We become aware of the nearness of these moments of transition as our calendars tell us figuratively to turn the page to August (only a month left of summer)  … or in Jewish terms to turn the page to Elul, (the Hebrew month with 30 days to get ready for Yamim Noraim, the Days of Awe, Rosh Hashanah and Yom Kippur.)  August is a time to pack in as much of summer as possible.
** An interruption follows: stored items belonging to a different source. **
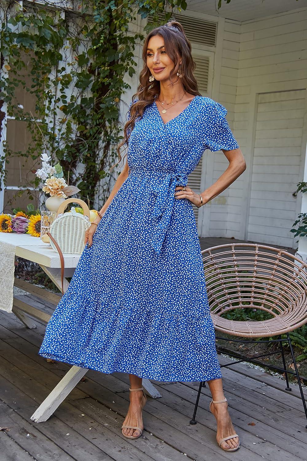 PRETTYGARDEN Women's Summer Floral Boho Maxi Dress Wrap Short Sleeve V Neck Ruffle A-Line Flowy Wedding Guest Long Dresses(Blue Floral)
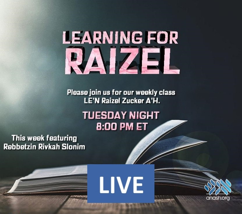 Join Live at 8:00 PM ET: A weekly class founded in memory of Raizel Zucker will take place tonight, featuring Mrs. Rivka Slonim.
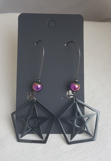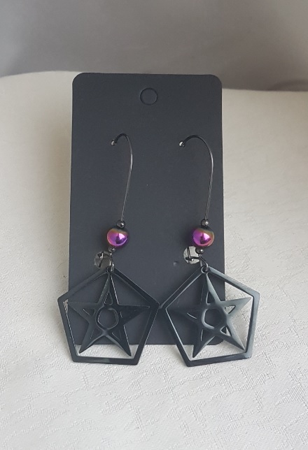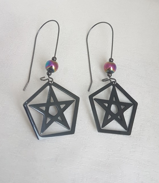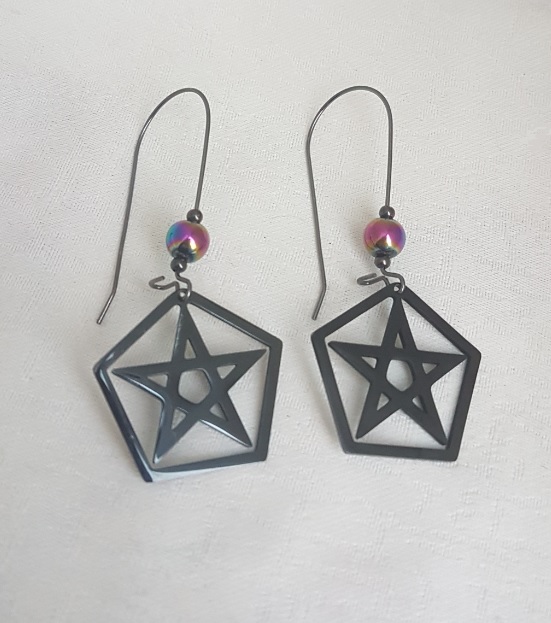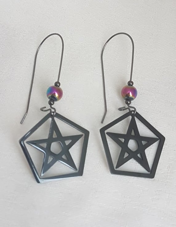 Earring length is approx 7.2cm long from top of the ear wire to the bottom of the pentagons. Pentagon pentacles are approx 3cm H x 3.2cm W and made from Dark tone metal alloy. Ear wires are long kidney shaped and dark tone approx 4.2cm long . Rainbow Haematite beads are 8mm and are fixed to the ear wire by crimps either side (covered by a bead).

Elul is the time to get yourself ready for the sacred time of the new year heralded by the sound of the shofar for a time of introspection and self-examination.

The Hafetz Hayyim, Rabbi Israel Meir Kagan, earned widespread fame for what today we’d call “personal self-help”.  The story is told that Rabbi Kagan was once in a distant village.  In search of a ride home, he met a wagon driver and asked the driver, who did not know his identity, where he was going.  When he learned that the driver was going to his village, he asked if he might go along.  The Hafetz Hayyim asked the driver why he was going there, and he responded excitedly, “I am going to meet the Hafetz Hayyim to prepare for the High Holy Days.”  Though still not revealing his identity to the driver, he responded, “Oh, I know the Hafetz Hayyim, and believe me, he’s not so wonderful.”  With that the driver punched the Hafetz Hayyim in the face and threw him from the wagon.
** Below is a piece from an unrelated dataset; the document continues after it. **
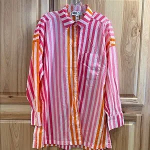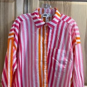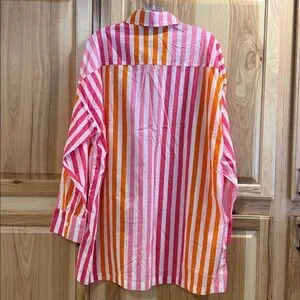 Bold striped shirt cover up with pink and orange colors by Beach Riot. Features a classic collar and button-up design. 100% cotton. Resortwear, vacation, oversized, beach, pool, loungewear. Excellent condition.

When he recovered and reflected on the incident, the Hafetz Hayyim said the driver taught him an important lesson, “Never speak badly about anyone, not even yourself!”  From this we learn that the Days of Awe, our High Holy Days and the idea of repentance call upon us to reflect and deal honorably with others, including ourselves.  To be inscribed in the Book of Life, we need to realize that life is not fiction. God’s inscribing us is about our cheshbon hanefesh, the personal accounting of what is and what ought to be, about how we have been living in the year soon ending … and about how we ought to live in the new year.
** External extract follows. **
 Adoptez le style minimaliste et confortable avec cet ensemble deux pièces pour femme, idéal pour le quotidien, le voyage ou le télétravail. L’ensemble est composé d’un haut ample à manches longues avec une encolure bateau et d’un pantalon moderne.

It is no easy thing to be human –  so much to tempt us and so difficult to be strong. Our basic humanity hinges upon our being able to discipline ourselves to do the right things, to make the right commitments, to embrace the right people, to do good, to work for tikkun olam, repairing our lives and our world. Elul, and August this year, amidst summer’s heat, is about asking yourself questions:  Have I healed or have I hurt?  Have I helped or have I hindered?  Have I been a model for those who look to me, or have I fallen short of my potential?  As one of my hero’s and teachers, Rabbi Abraham Joshua Heschel taught, “In a free society where terrible wrongs exist, some are guilty, but all are responsible.”  We cannot allow wrongs to pass unnoticed; we cannot all retreat to the convenience of being busy:  living as a Jew mandates that we be responsible, face the challenges, address problems and make a difference!

RabbiGelfandFor us and our families, and for our world,
Amidst August/Elul & summer’s warmth, may what is be filled with blessings
And may what ought the future to hold  in 5774 be filled
with sweetness, human kindness and peace.

Rabbi David Gelfand is rabbi of Temple Israel of the City of New York.